**Records for the exercise:**
--------------------

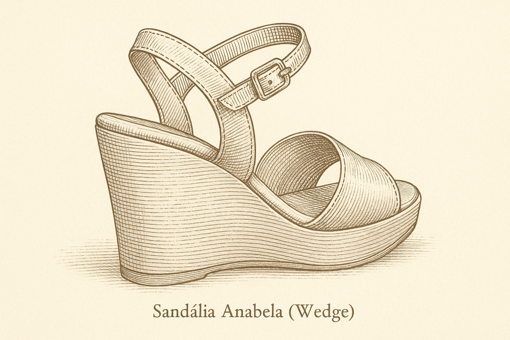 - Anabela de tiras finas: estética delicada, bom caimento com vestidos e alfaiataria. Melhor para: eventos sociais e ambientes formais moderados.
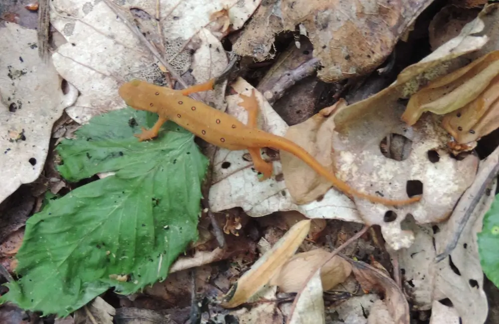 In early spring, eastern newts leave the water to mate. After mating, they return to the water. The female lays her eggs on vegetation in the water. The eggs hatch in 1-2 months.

--------------------

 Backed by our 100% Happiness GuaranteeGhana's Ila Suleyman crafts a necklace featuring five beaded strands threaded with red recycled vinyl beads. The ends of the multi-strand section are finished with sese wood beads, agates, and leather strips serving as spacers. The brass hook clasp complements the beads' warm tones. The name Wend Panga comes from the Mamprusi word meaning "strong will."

--------------------

**Instructions to follow:**
Print, word for word, the lines above that run from the line containing "- Anabela de" to the line containing "In early spring, eastern", both included. Keep the pictures out.

**Expected answer:**
 - Anabela de tiras finas: estética delicada, bom caimento com vestidos e alfaiataria. Melhor para: eventos sociais e ambientes formais moderados.
 In early spring, eastern newts leave the water to mate. After mating, they return to the water. The female lays her eggs on vegetation in the water. The eggs hatch in 1-2 months.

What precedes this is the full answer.